I’ll get into what those calories were composed of and how I trained below. But my strategy allowed me to build strength and minimize muscle loss despite the deficit (yes, you can lose weight and build muscle at the same time).

LESSON: Start with calories – know how many you eat daily, and adjust the number down. You can vary your calorie count for training days or rest days – as long as your total average number is low enough to induce weight loss.

Tracking calories and not getting results? Check your tracking – see #4 below.

#2) STRENGTH TRAINING IS CRUCIAL FOR BODY FAT LOSS.

I strength trained 4 days per week for about 60 minutes each workout without fail.

This is something I truly prioritized in my life. I can count on 1 hand the number of times I did not hit the gym 4 days in a week.

Each day composed of a heavy barbell lift:

  • Front squats
  • Deadlifts
  • Incline bench press
  • Bent over rows.

I also did lots of body weight training and gymnastic ring work:

  • Push-ups, pull-ups, bodyweight rows.
  • Gymnastic holds including handstands.
  • Muscle-ups on my rings. So many muscle-ups.

So, despite the fact that I was losing weight and eating a caloric deficit, judging by the pictures and my measurements I was able to maintain most of my muscle, and even build strength strategically.

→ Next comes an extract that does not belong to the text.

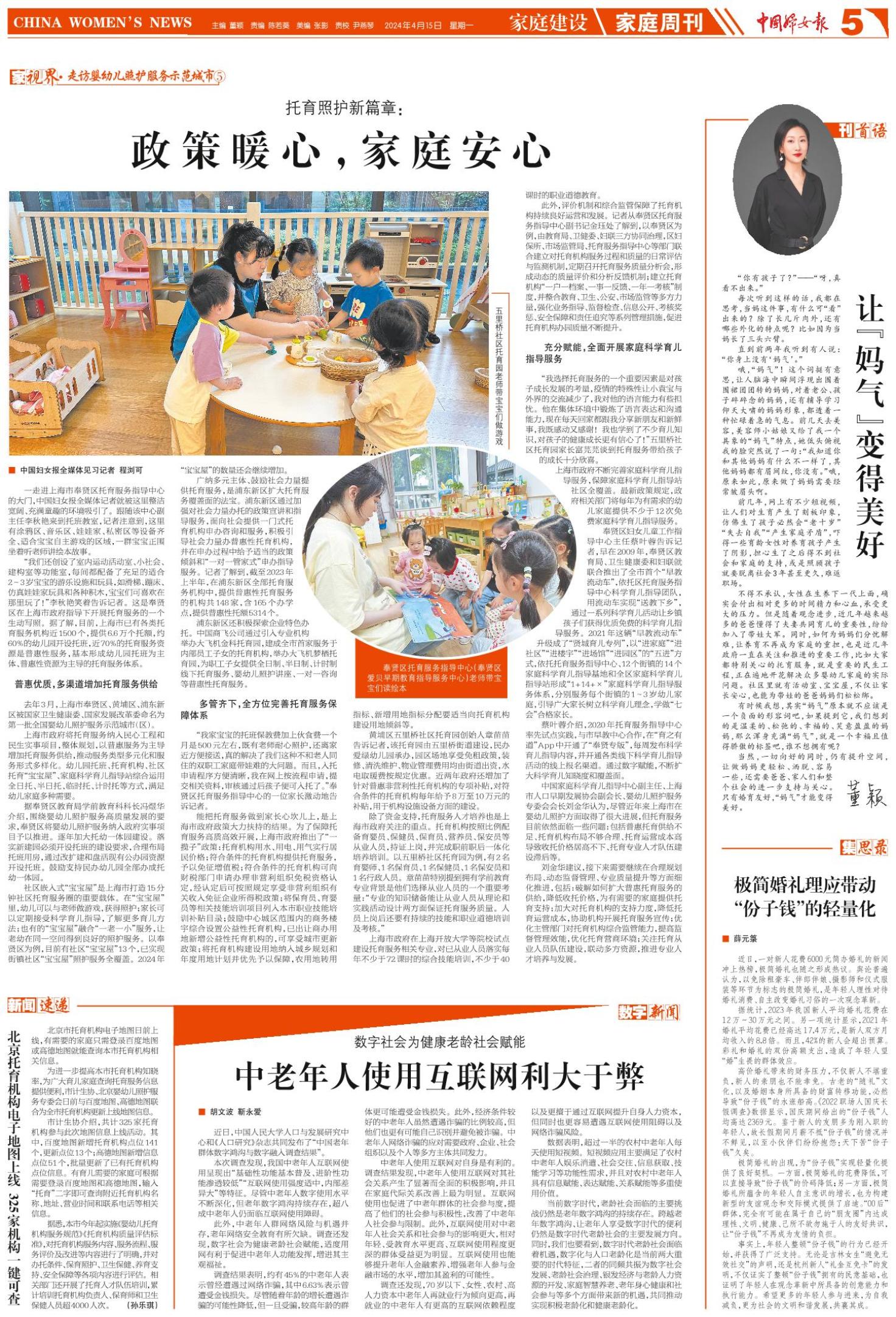 《中国妇女报》(电子版)的一切内容(包括但不限于文字、图片、PDF、图表、标志、标识、商标、版面设计、专栏目录与名称、内容分类标准以及为读者提供的任何信息)仅供中国妇女报读者阅读、学习研究使用,未经中国妇女报及/或相关权利人书面授权,任何单位及个人不得将《中国妇女报》(电子版)所登载、发布的内容用于商业性目的,包括但不限于转载、复制、发行、制作光盘、数据库、触摸展示等行为方式,或将之在非本站所属的服务器上作镜像。否则,中国妇女报将采取包括但不限于网上公示、向有关部门举报、诉讼等一切合法手段,追究侵权者的法律责任。

I got stronger at a lot of lifts throughout this experience.

I hit a personal best deadlift of 420 pounds – a 30 pound record, at a weight of 172 pounds.

 

View this post on Instagram

 

A post shared by Steve Kamb (@stevekamb) on Nov 21, 2018 at 10:43am PST

By lifting VERY HEAVY weights while also eating a caloric deficit, my body was forced to adapt.

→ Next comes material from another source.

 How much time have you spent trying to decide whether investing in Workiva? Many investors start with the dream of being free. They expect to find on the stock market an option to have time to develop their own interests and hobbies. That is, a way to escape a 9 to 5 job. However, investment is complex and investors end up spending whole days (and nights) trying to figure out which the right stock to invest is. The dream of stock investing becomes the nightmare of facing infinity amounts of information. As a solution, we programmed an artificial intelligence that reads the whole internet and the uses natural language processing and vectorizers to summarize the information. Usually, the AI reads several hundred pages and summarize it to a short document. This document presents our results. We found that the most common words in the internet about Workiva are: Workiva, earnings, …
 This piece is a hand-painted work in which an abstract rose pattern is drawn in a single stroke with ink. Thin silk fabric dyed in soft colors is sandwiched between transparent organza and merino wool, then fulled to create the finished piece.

It diverted as many resources as possible to “rebuild muscle stronger to prepare for the next weight training session,” which didn’t leave many calories for “store as fat.”

I cover this extensively in both “Why can’t I lose weight?” and “Can you build muscle and burn fat at the same time?

Not only that, but because I was in a deficit my body started pulling from the “store as fat” pile to fuel myself and my workouts.

So this strategy really crushed it for me:

  • Heavy strength training.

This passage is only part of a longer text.